DDJ: When did you decide that this was your path?

CC: Around 1992 I decided nobody else is going to do it, I've got to. I was naive; I thought it would happen soon. I got lucky, I got funding to make it possible for anyone to build interactive storytelling...a huge task. [But] I set out to build it. Unfortunately, we couldn't generate much interest. The general attitude was summed up by one guy who said, "Chris, I hope you get funding. This sounds really neat and I'd like to play it. But I can't justify the expense to my superiors. It's just too risky." So that fell apart. I went into a sort of hibernation. I continued to work on the technology, improving it. But I spent time working with NASA on research. I flew some airborne missions. I wrote some books. I taught some courses. And then about two years ago, pieces started coming together. Technical pieces. The last big break was when I saw a business model that would work.

DDJ: You had an epiphany?

CC: I saw the way. For the past year I've been assembling those pieces, building the technology. And we're going to make it happen.

DDJ: Who's "we"?

CC: Two years ago it was just me. My friend Dave Walker, [who] helped me learn Java, slowly got sucked in. We have five principals. We incorporated on January first of this year. Tier one are the principals, the second tier are volunteers; we share some secrets with them and they get first crack at everything. The third tier are the people who populate the [online forum].

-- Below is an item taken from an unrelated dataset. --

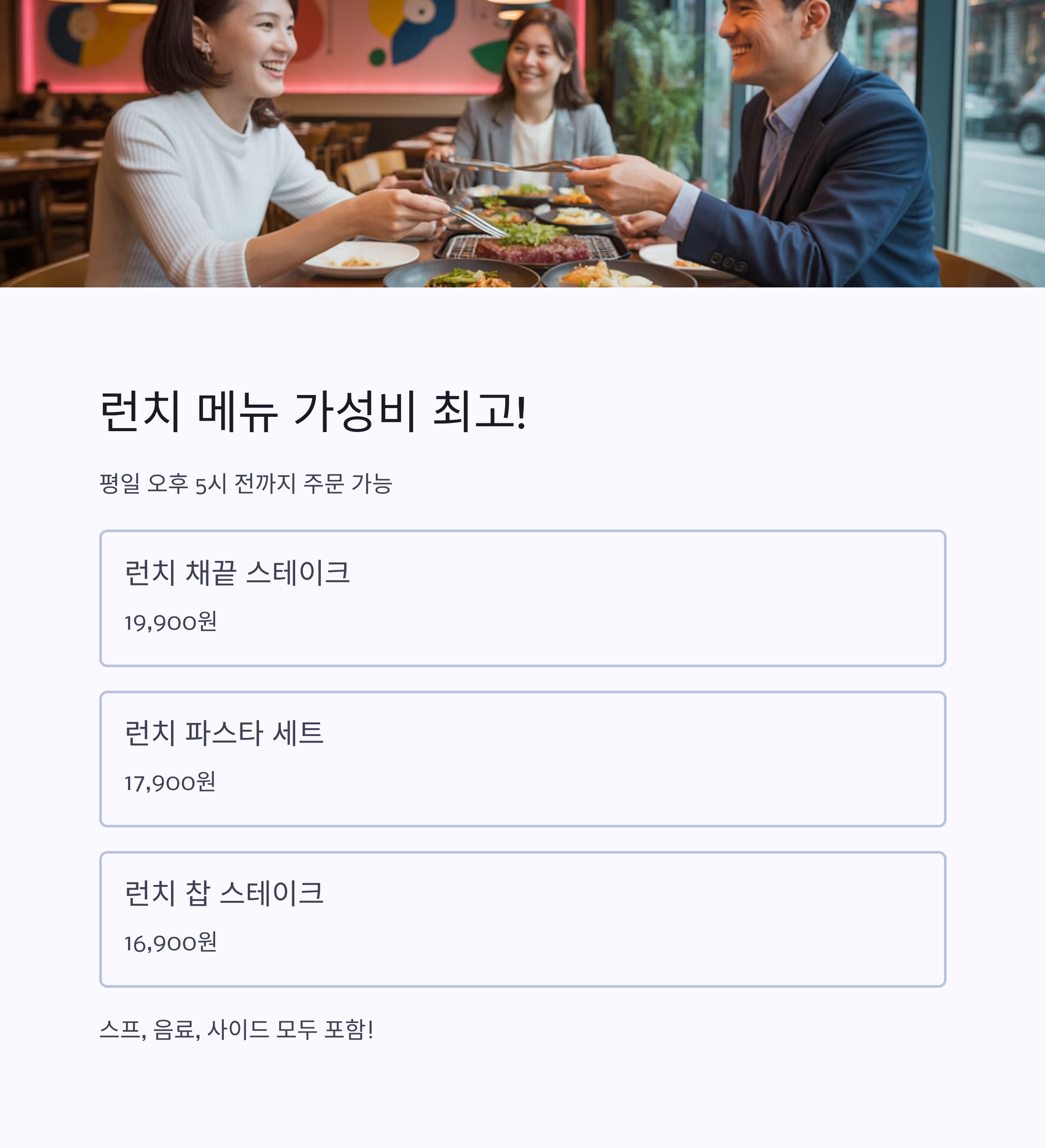 모든 런치 세트에는 수프, 음료, 사이드(샐러드 또는 감자요리)까지 포함되어 있어 구성도 알찹니다.

DDJ: And the technology is all written in Java, which you only learned recently?

CC: And I had to learn XML and later we moved to Eclipse, which is a wonderful development environment, but I had to learn that. A lot of getting up to speed on technologies. Some of the core stuff was trivial. The core technology is the storytelling engine and I just took my C++ code and quick-translated it into Java. There was maybe a month's work revising it for the completely different data structures.